Showing posts with label magical realism. Show all posts
Showing posts with label magical realism. Show all posts

Tuesday, December 8, 2015

December Minis: A Library, A Bazaar, and Earthquakes

Yup, it's that time again.  More mini-reviews!  I am enjoying this format for the time being, and I hope you all are too.

The Library at Mount Char by Scott Hawkins
Crown, 2015
borrowed from the library

While this book doesn't seem to be super widely-known, several bloggers that I love and respect were singing its praises, so I had to check it out.  That said, I was a little nervous, because many reviews mentioned "magical realism" and "fantasy", two genres with which I haven't had much luck.  But, I gave it a go.
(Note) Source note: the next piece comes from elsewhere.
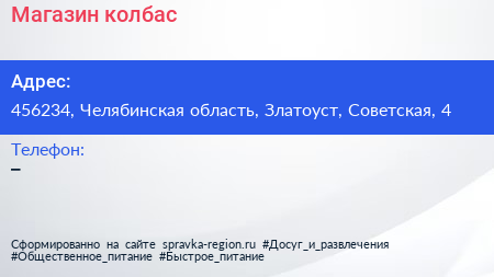 Магазин колбас по адресу 456234, Челябинская область, Златоуст, Советская, 4 в дальнейшем Организация, размещена в следующих категориях:

Quick synopsis: Carolyn and a dozen other children were "adopted" long ago by the mysterious Father.  Each child was taught one category of Father's knowledge over the years.  Now, it's 20 years later, and Father has disappeared.  Carolyn & co now have to fight to see who has the power (and the knowledge) to take Father's place.

You guys, THIS BOOK IS AMAZING.  Yup, it's full of fantasy and magical realism and things you would never believe in real life, but Hawkins wrote it so well that it DOES NOT MATTER.  It is horrifying and hilarious and mysterious at the same time.  The story unravels in such a way that there is always another piece of information you need, that you can't put down the book for, and as such you will indeed never put down the freaking book.  Full disclosure: I did not love the ending (it was less explosive than the rest of the novel, and as such felt unfitting), but I still recommend it.  Highly.  (As long as you can take some gore.  A lot of gore, actually.)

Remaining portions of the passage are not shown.